Capturing the energy of play is poignantly intense in Coppens' universe. His spiritual poetry is compelling yet elusive. Brutal social criticism is equally as present as it is absent. Simultaneously sweet and aggressive, the artist intuitively depicts the surrealistic paradox of everyday life. Hilma af Klint and Mike Kelley on a date. In Kelley's More Love Hours Than Can Ever Be Repaid and the Wages of Sin (1987), this American artist uses a chaotic collection of handmade teddy bears to point out the many hours of love that have crept into its creation, and the heavy burden of the impossibility and ingratitude of giving or getting enough in return. Coppens is familiar with this kind of “love hours” in all its facets. They swirl through his oeuvre like an enchanting and suffocating bulk of affection.
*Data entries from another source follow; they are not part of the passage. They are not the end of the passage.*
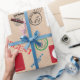 Este papel de embalagem deixa claro que um presente foi entregue com cuidado pelos próprios Papais noeis! Do rótulo da Reindeer Express até o selo "Papais noeis aprovados", você vai se perguntar o que é dentro!
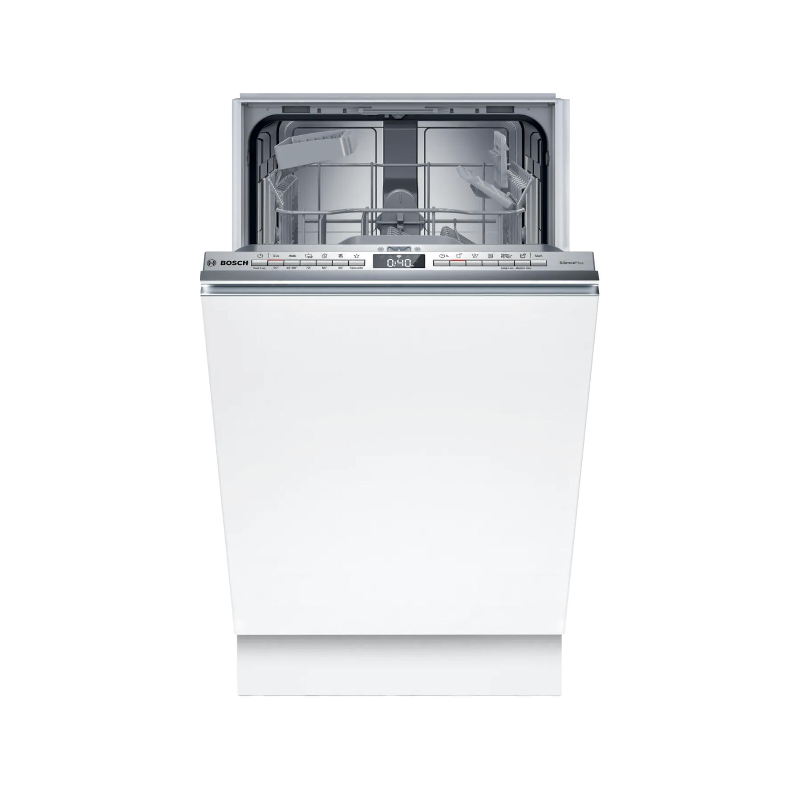 Bosch SPV4HKX10E to zmywarka do zabudowy o szerokości 45 cm, oferująca 6 programów, funkcję ExtraDry oraz zdalne sterowanie przez aplikację Home Connect. Wyposażona w silnik EcoSilence Drive, system AquaStop i regulowany kosz VarioFlex, zapewnia skuteczne i ciche zmywanie.
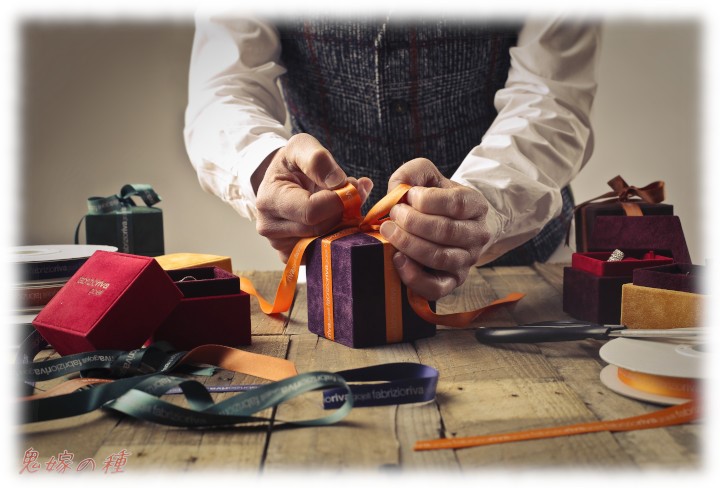 進物箱をご注文。包装していると、

American art critic Jerry Saltz calls the new stream of artworks that stem from mountains of found objects as “clusterfuck esthetics”. He says that ‘(...) this all-at-once gambit can be seen as a way to compete with the paranoia and havoc of everyday life; a homoeopathic dose of poison whereby ruins are created to counteract ruin; a manic-depressive panic attack in the face of information overload (...)’ Coppens’ work exists in line with this vision, and stings just as hard as the wasps buzzing around. ‘Everyone immediately starts knocking on it’, the artist says as he illustrates his love for the insect, after which he evokes an image of the convulsing, drowning mass in a wasp trap. His marvel at the power and splendour of this tiny creature that is capable of so much panic, is as great as his fascination with its gruesome demise. Coppens is a master of creating metaphors brimmed with connective meanings, and the medium is subservient to it.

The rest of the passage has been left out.